Division Ageing and Social Change (ASC), Linköping University, Kungsgatan 40, 601 74, Norrköping, Sweden.
Aging Research Center (ARC), Karolinska Institutet & Stockholm University, Gävlegatan 16, 113 30, Stockholm, Sweden.
BMC Public Health. 2019 Nov 8;19(1):1487. doi: 10.1186/s12889-019-7830-x.
Healthcare services are being increasingly digitalised in European countries. However, in studies evaluating digital health technology, some people are less likely to participate than others, e.g. those who are older, those with a lower level of education and those with poorer digital skills. Such non-participation in research - deriving from the processes of non-recruitment of targeted individuals and self-selection - can be a driver of old-age exclusion from new digital health technologies. We aim to introduce, discuss and test an instrument to measure non-participation in digital health studies, in particular, the process of self-selection.
Based on a review of the relevant literature, we designed an instrument - the NPART survey questionnaire - for the analysis of self-selection, covering five thematic areas: socioeconomic factors, self-rated health and subjective overall quality of life, social participation, time resources, and digital skills and use of technology. The instrument was piloted on 70 older study persons in Sweden, approached during the recruitment process for a trial study.
Results indicated that participants, as compared to decliners, were on average slightly younger and more educated, and reported better memory, higher social participation, and higher familiarity with and greater use of digital technologies. Overall, the survey questionnaire was able to discriminate between participants and decliners on the key aspects investigated, along the lines of the relevant literature.

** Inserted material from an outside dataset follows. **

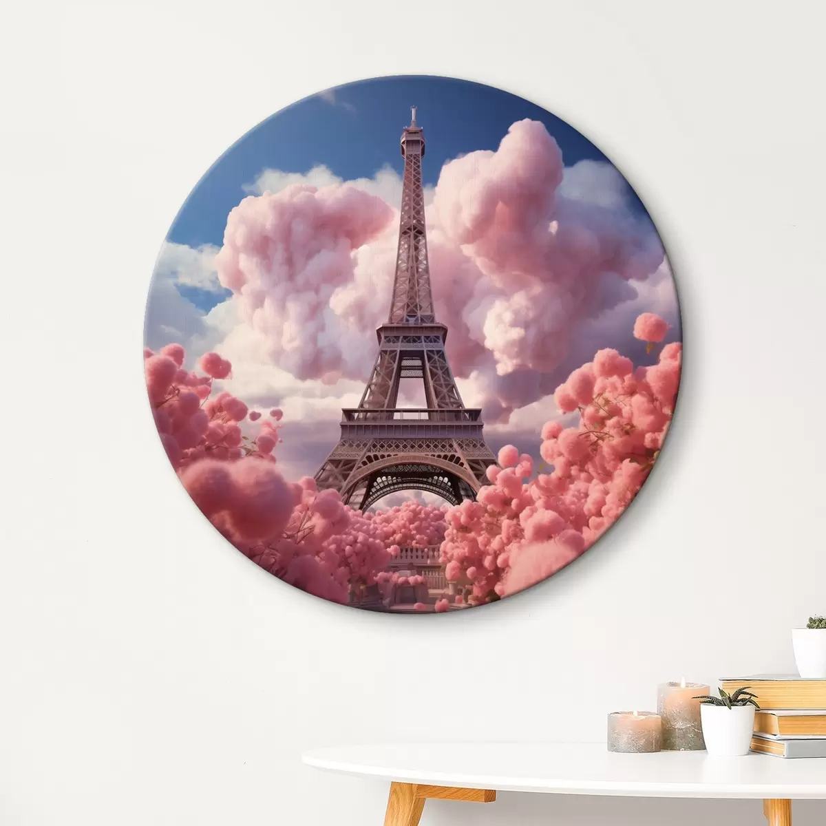 Кругла картина Ейфелева вежа в рожевих хмарах у стилі фентезі r45036

The NPART survey questionnaire can be applied to characterise non-participation in digital health research, in particular, the process of self-selection. It helps to identify underrepresented groups and their needs. Data generated from such an investigation, combined with hospital registry data on non-recruitment, allows for the implementation of improved sampling strategies, e.g. focused recruitment of underrepresented groups, and for the post hoc adjustment of results generated from biased samples, e.g. weighting procedures.

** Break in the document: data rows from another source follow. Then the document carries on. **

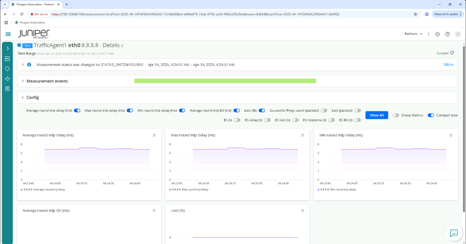 Comprehensive audit capabilities: Through strategically placed test agents, Routing Active Testing can audit thousands of endpoints simultaneously, providing detailed insights into network performance trends and problematic nodes. These Audits can catch issues related to control plane / data planes or misconfigurations of QOS policies or firewalls.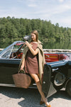 DIMENSIONS: 21" L (top) x 11”W (base) x 13” H x 5" D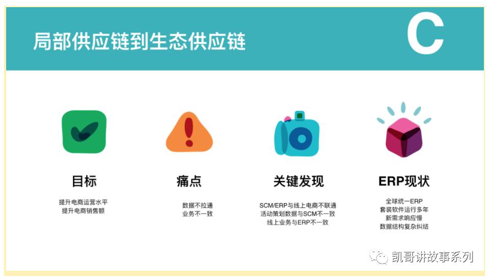 10年前,通过SOA架构集成了以ERP为核心的企业内部管理系统,打通了内部人、财、物,从订单到生产的内部数据孤岛,在如今的互联网时代,局部供应链在大的数字生态中又成了新的数据孤岛。典型的场景就是当线上要做活动的时候,线下的供应链无法满足库存等需求。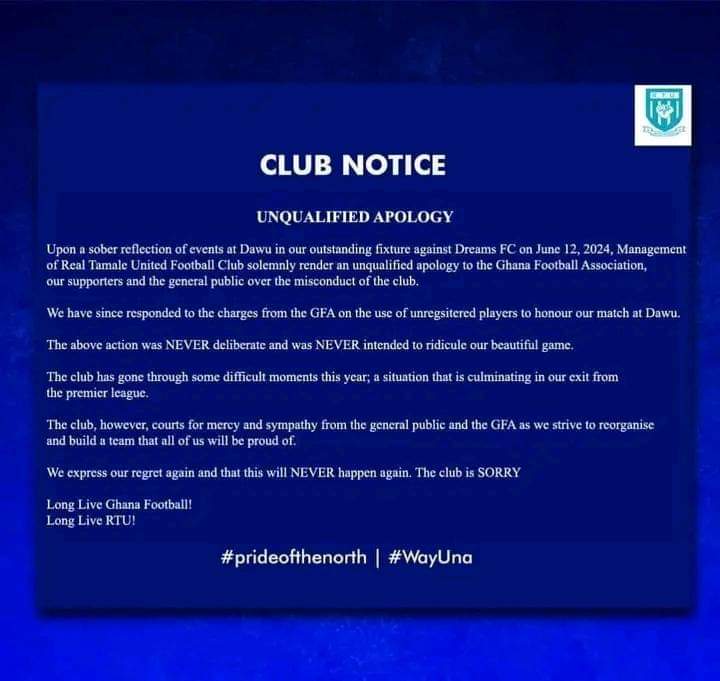 Real Tamale United has officially issued an unqualified apology to the Ghana Football Association, begging for “mercy” for fielding unregistered players against Dreams FC on Wednesday, June 12, 2024.

欧洲各国的医疗服务正日益数字化。然而,在评估数字健康技术的研究中,有些人参与的可能性低于其他人,例如年龄较大、教育程度较低和数字技能较差的人。这种源于目标人群未招募和自我选择的研究参与度低的情况,可能会导致老年人被排除在新的数字健康技术之外。我们旨在引入、讨论和测试一种衡量数字健康研究中非参与度的工具,特别是自我选择的过程。
我们基于对相关文献的回顾,设计了一种用于分析自我选择的工具——NPART 调查问卷,涵盖了五个主题领域:社会经济因素、自我评估的健康和主观总体生活质量、社会参与、时间资源以及数字技能和技术使用。该工具在瑞典的 70 名老年研究参与者中进行了试点,这些参与者是在一项试验研究的招募过程中被招募的。
结果表明,与拒绝者相比,参与者的平均年龄稍小、受教育程度更高,并且报告记忆力更好、社会参与度更高、对数字技术的熟悉度和使用度更高。总体而言,该调查问卷能够根据相关文献,在研究参与者和拒绝者之间区分出关键方面。
NPART 调查问卷可用于描述数字健康研究中的非参与度,特别是自我选择的过程。它有助于确定代表性不足的群体及其需求。从这种调查中生成的数据与医院登记的未招募数据相结合,可以实施改进的抽样策略,例如有针对性地招募代表性不足的群体,以及对来自有偏见样本的结果进行事后调整,例如加权程序。